- Born: December 11, 1841 Schuylkill County, Pennsylvania
- Died: February 20, 1919 (aged 77) Schuylkill Haven, Pennsylvania
- Buried: Schuylkill Haven Union Cemetery, Schuylkill Haven, Pennsylvania
- Allegiance: United States of America
- Branch: United States Army Union Army
- Service years: September 9, 1861 to July 30, 1865
- Rank: Sergeant
- Unit: 50th Regiment Pennsylvania Volunteer Infantry - Company C
- Conflicts: Battle of Globe Tavern
- Awards: Medal of Honor

= Charles Brown (Medal of Honor, 1864) =

American soldier in the American Civil War

Sergeant Charles E. Brown (December 11, 1841 - February 20, 1919) was an American soldier who fought in the American Civil War.
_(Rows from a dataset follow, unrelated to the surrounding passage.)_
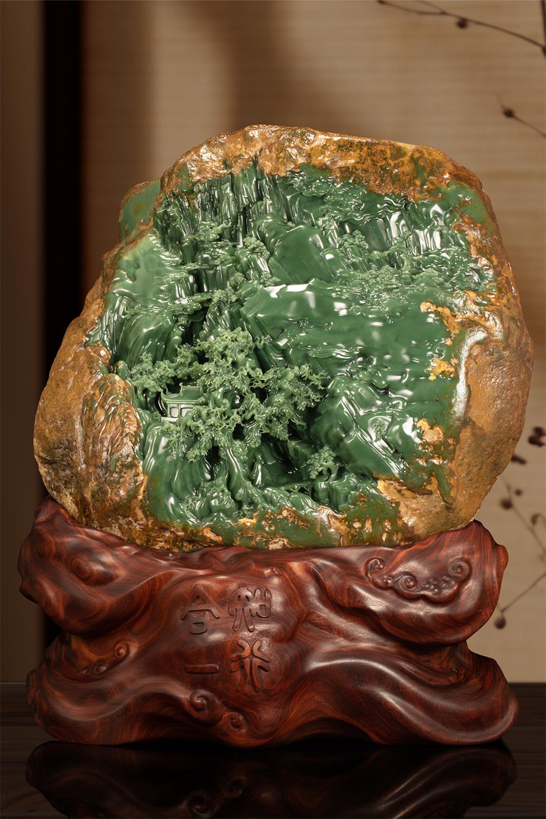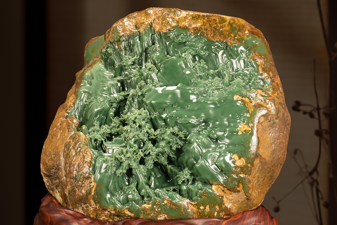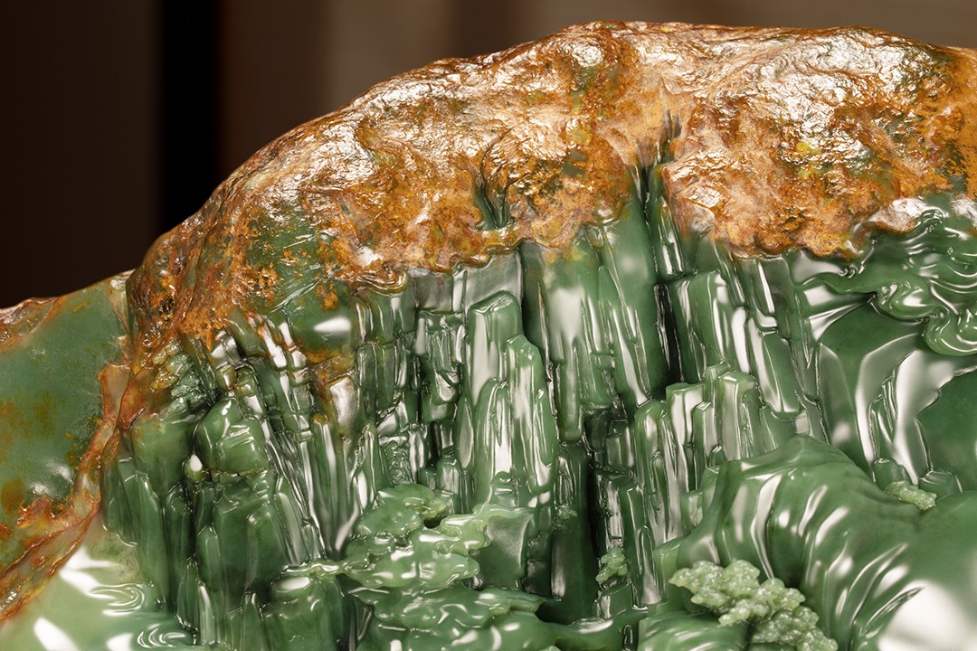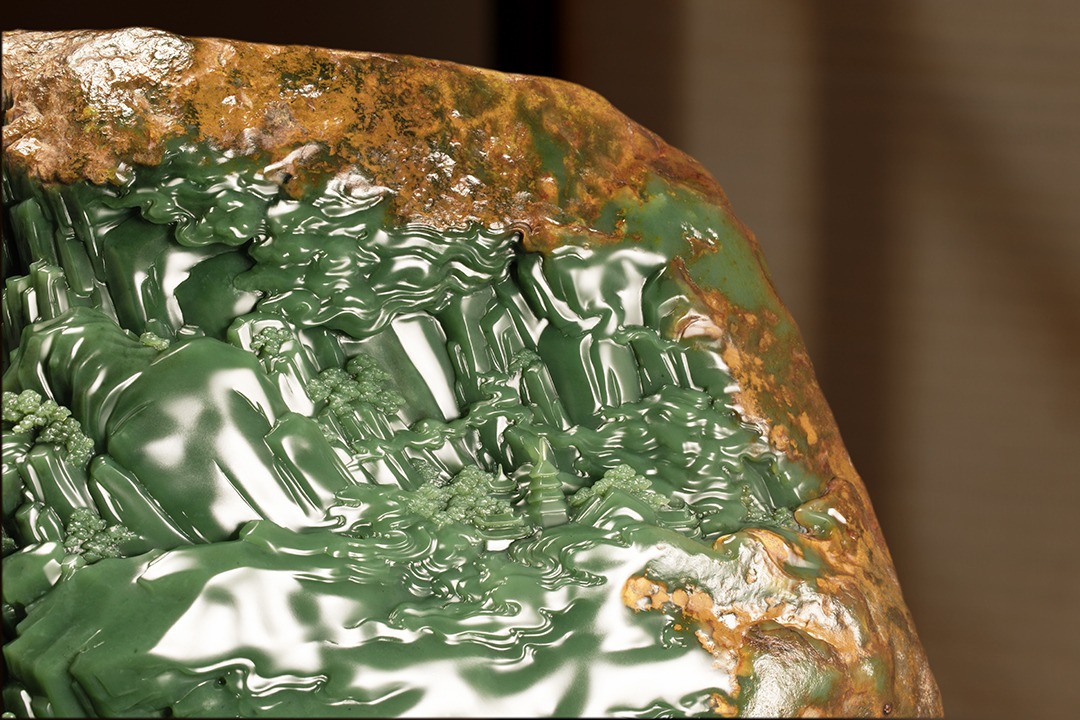 这玉料看似“毛病”众多,可于世东并未钻牛角尖,非要一次性将其消除殆尽。他反复研究,以灵动思维赋予裂痕以生命,让它们幻化成山涧幽谷;与杂质“对话”,唤醒它们暗藏的本真,营造出云烟雾霭、绿荫遮蔽,宛如魔术般神奇!
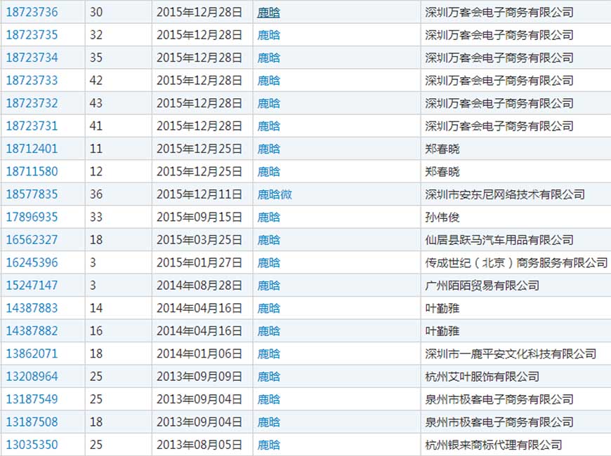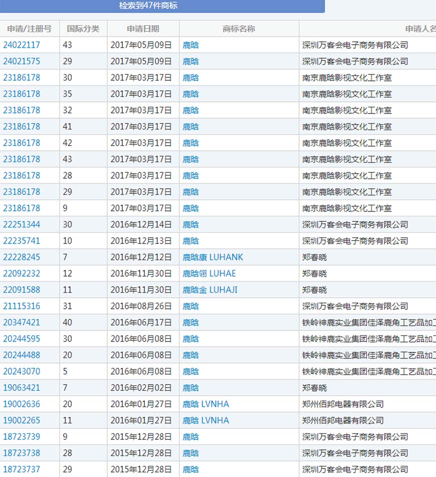 小編通過(guò)檢索發(fā)現(xiàn),目前共有47件“鹿晗”或者包含“鹿晗”的商標(biāo)申請(qǐng),從這些申請(qǐng)人中有個(gè)“南京鹿晗影視文化工作室”申請(qǐng)人,通過(guò)查詢了解到這個(gè)是鹿晗所屬工作室,鹿晗的很多官方信息都是這個(gè)工作室發(fā)布的。最早商標(biāo)申請(qǐng)日為2013年8月5日。而最早申請(qǐng)這個(gè)商標(biāo)的申請(qǐng)人并不是“南京鹿晗影視文化工作室”。那說(shuō)明“鹿晗”這個(gè)商標(biāo)早就被人搶注了。
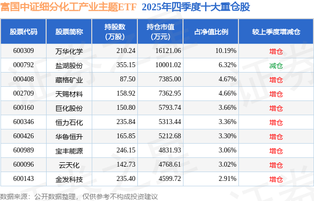 从基金规模来看,富国中证细分化工产业主题ETF基金2025年四季度公布的基金规模为15.81亿元,较上一期规模12.64亿元变化了3.18亿元,环比变化了25.14%。该基金最新一期资产配置为:股票占净值比99.76%,无债券类资产,现金占净值比0.52%。从基金持仓来看,该基金当季前十大股票仓位达45.15%,第一大重仓股为万华化学(600309),持仓占比为10.19%。
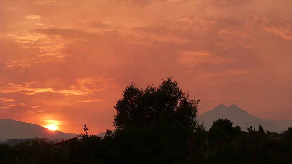 der feuerrote Himmel bei Sonnenuntergang um 20.05 Uhr
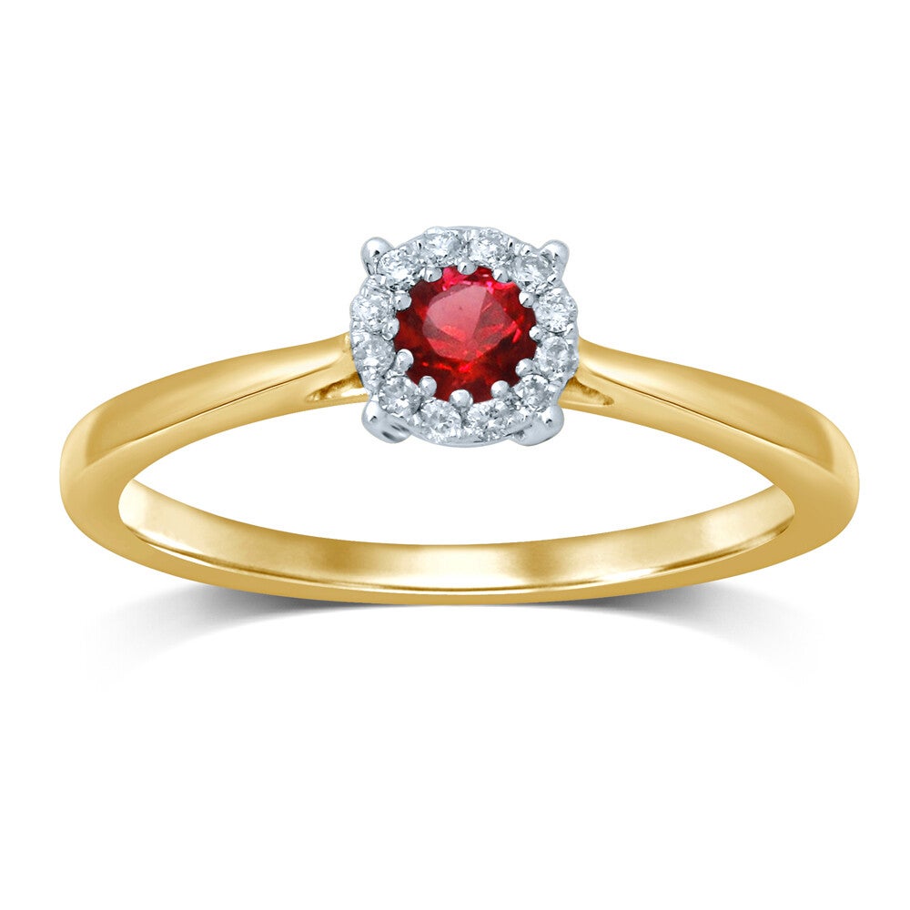 GTX199-R 14 Karaats gouden ring bezet met briljanten en 1 robijn.
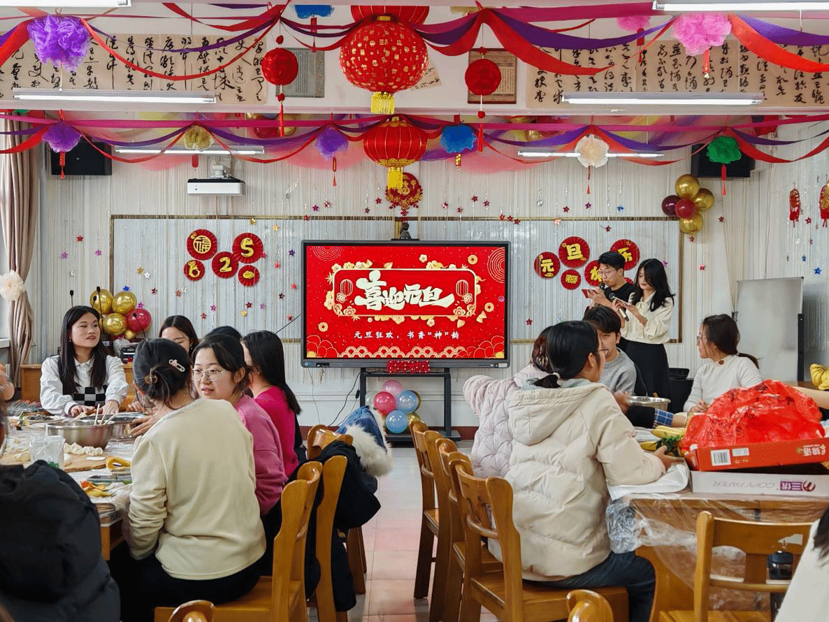 为迎接新的一年,公司于12月26日在北区208室举办了一场别开生面的师生元旦联谊会。此次活动涵盖了丰富多彩的内容,包括包饺子活动、员工才艺展示、曲老师的《黑神话:悟空》读书分享会,以及安经理和曲老师的精彩唱歌表演,现场气氛热烈、欢乐祥和,师生们度过了一个温馨难忘的夜晚。
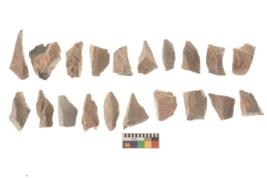 | Description / विवरण | There are n 20 utilized flakes. There are multi directional irregular scar pattern on both dorsal and ventral face of the flakes. Among them few have tapering edges, and few have broken tip. |
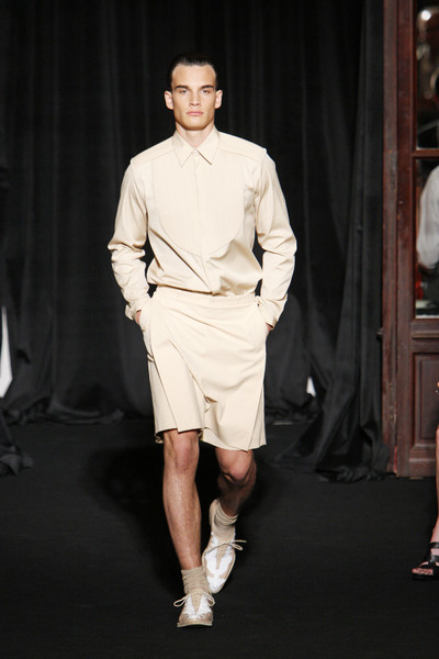 Kris van Assche seems capable of letting his severe, sartorial look go en soften it with lightweight and youthful tailoring. ‘Simplicity is the true luxury’, according to the designer. And so he presented sleeveless trenchcoats, lightweight linen parkas and paper-light jackets. Black, gray and sandywhite were his main colors. Low-slung trousers were tucked into sandals.

Brown received the country's highest award for bravery during combat, the Medal of Honor, for his action during the Battle of Globe Tavern on 19 August 1864. He was honored with the award on 1 December 1864.

==Biography==
Brown was born in Schuylkill County, Pennsylvania, on 11 December 1841. He enlisted into the 50th Pennsylvania Infantry on 9 September 1861. While in that battalion, he was promoted to Sergeant and went on to earn the Medal of Honor for capturing the battle flag of the 47th Virginia Infantry during the Battle of Globe Tavern on 19 August 1864. He was subsequently promoted to 1st Lieutenant and then captain in command of his company, having fought throughout the war. He mustered out of service on 30 July 1865. The flag he captured is on display at the Museum of the Confederacy in Richmond, Virginia.

==Medal of Honor citation==

Capture of flag of 47th Virginia Infantry (Confederate States of America).